Semiconductor Solutions for Hybrid AV Distribution
A unique feature of Semtech’s ProAV ASIC solutions is interoperability between products using AVX Extender and BlueRiver® AV Processor devices. An AVX-based product will work with any AVP-based product, with not only the physical interface and protocol compatible between the two product families, but both can be configured and controlled using the SDVoE Application Programming Interface, or API. The SDVoE API standard interface manages switching, configuration and processing with single system-level control for any number of interoperable ASIC-based endpoints.

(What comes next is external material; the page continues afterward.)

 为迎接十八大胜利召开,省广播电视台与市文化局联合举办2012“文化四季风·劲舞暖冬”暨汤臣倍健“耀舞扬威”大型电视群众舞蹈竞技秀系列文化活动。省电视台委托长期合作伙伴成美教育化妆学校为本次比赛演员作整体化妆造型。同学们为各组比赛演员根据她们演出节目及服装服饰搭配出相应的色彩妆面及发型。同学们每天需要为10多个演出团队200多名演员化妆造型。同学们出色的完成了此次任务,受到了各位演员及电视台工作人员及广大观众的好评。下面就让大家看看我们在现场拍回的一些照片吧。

Both AVX and AVP use standard 10 Gigabit (10G) Ethernet connectivity and IP protocol to extend HDMI video up to 4K, multichannel digital audio and control interfaces, such as USB and RS-232, over 100m of copper category cabling, or many hundreds of meters over optical fiber. The key difference is that AVX devices provide point-to-point 10G connectivity, while AVP powered products permit flexible IP networking capability using standard 10G Ethernet switches.

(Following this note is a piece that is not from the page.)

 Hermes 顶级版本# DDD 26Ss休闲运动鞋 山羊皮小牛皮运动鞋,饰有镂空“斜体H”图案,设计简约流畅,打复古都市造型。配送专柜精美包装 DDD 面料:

As shown in the diagram, installations may require a hybrid approach to AV distribution, where the core is based around IP networking, while in-room AV extension need only be point-to-point. The diagram illustrates how an AVX switch can be connected directly to an AVP receiver driving the projector, providing connectivity for both local and remote sources. Installers can use a mix of AVX and AVP, where AVP-based endpoints talking to AVX can be re-purposed for future expansion to fully networked capability later.

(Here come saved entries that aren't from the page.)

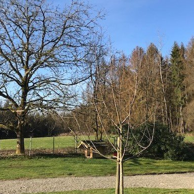 Unser Garten ist wie ein kleiner Park. Daher können wir Open-Air-Yoga mit Corona-sicherem Abstand von 5 m zwischen den Teilnehmern anbieten.
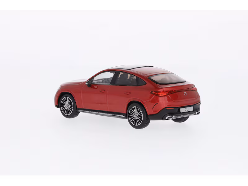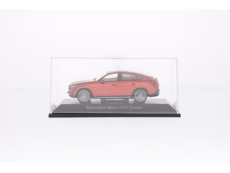 Das GLC Coupé AMG Line C254 Miniaturmodell im internationalen Sammlermaßstab 1:43 ist seinem großen Vorbild in keiner Weise unterlegen. Das Modell, das aus Zinkdruckguss mit Kunststoffteilen hergestellt wird, wurde mit größter Detailgenauigkeit nach den originalen CAD-Daten umgesetzt und in authentischer Farbe lackiert. Es besteht aus über 50 handmontierten Einzelteilen und besticht durch seinen hochwertig dekorierten und detailreichen Innenraum. Alle Aspekte wurden berücksichtigt, vom AMG Exterieur über das AMG Line Interieur bis hin zum Panoramadach und den 20 Zoll (50,8 cm) AMG Leichtmetallrädern im Vielspeichen-Design (RVP). Das Sammlerstück ist auf einem bedruckten Sockel montiert und wird in einer Präsentationsbox im Mercedes-Benz Design-Layout präsentiert.
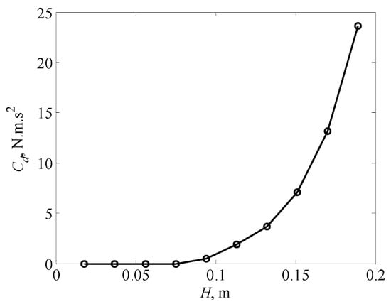 The drag torque coefficient as a function of wave height at T = 1.6 s and c = 12 N·m·s/rad.
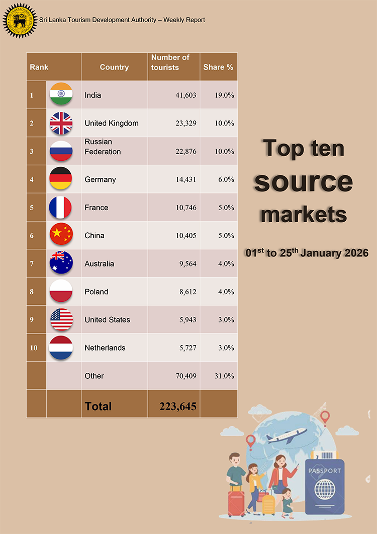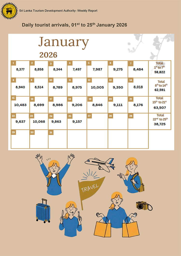 2026 වසරේ ගත වූ පළමු දින 25 තුළ 223,645ක සංචාරකයින් පිරිසක් මෙරටට පැමිණ ඇති බව ශ්රී ලංකා සංචාරක සංවර්ධන අධිකාරිය පවසයි.

Figure 1. Installations may require a unique approach that utilizes hybrid AV distribution. In this example, the AVX switch is connected directly to an AVP receiver driving the projector, providing connectivity for both local and remote sources.
Migrating to AV-over-IP
In this diagram, the hybrid-based AV system has been upgraded to take full advantage of SDVoE, allowing all AV switching and extension to be controlled via software. Since an AVP Transceiver device was previously used for remote sources (connected to the AVX switch via its HDMI output), the HDMI input is now used to provide network connectivity of the local source. Using the existing AVP receiver, the projector now connected directly to the SDVoE network, allowing display of both local and remote sources switched via the 10G network, without limitation. With an AVP2000-enabled receiver driving the projector, installers can upgrade user software tools to allow multiview modes, such as quad slit or picture in picture (PIP), where the projector can show both local and multiple remote sources simultaneously. This approach clearly shows the cost and flexibility benefits of an all IP-based AV system, since less hardware is required in the huddle room and advanced display modes enabled without the need to purchase dedicated multiview processors.
Figure 2. This hybrid-based AV system takes full advantage of SDVoE, allowing all AV switching and hybrid AV extension to be controlled via software.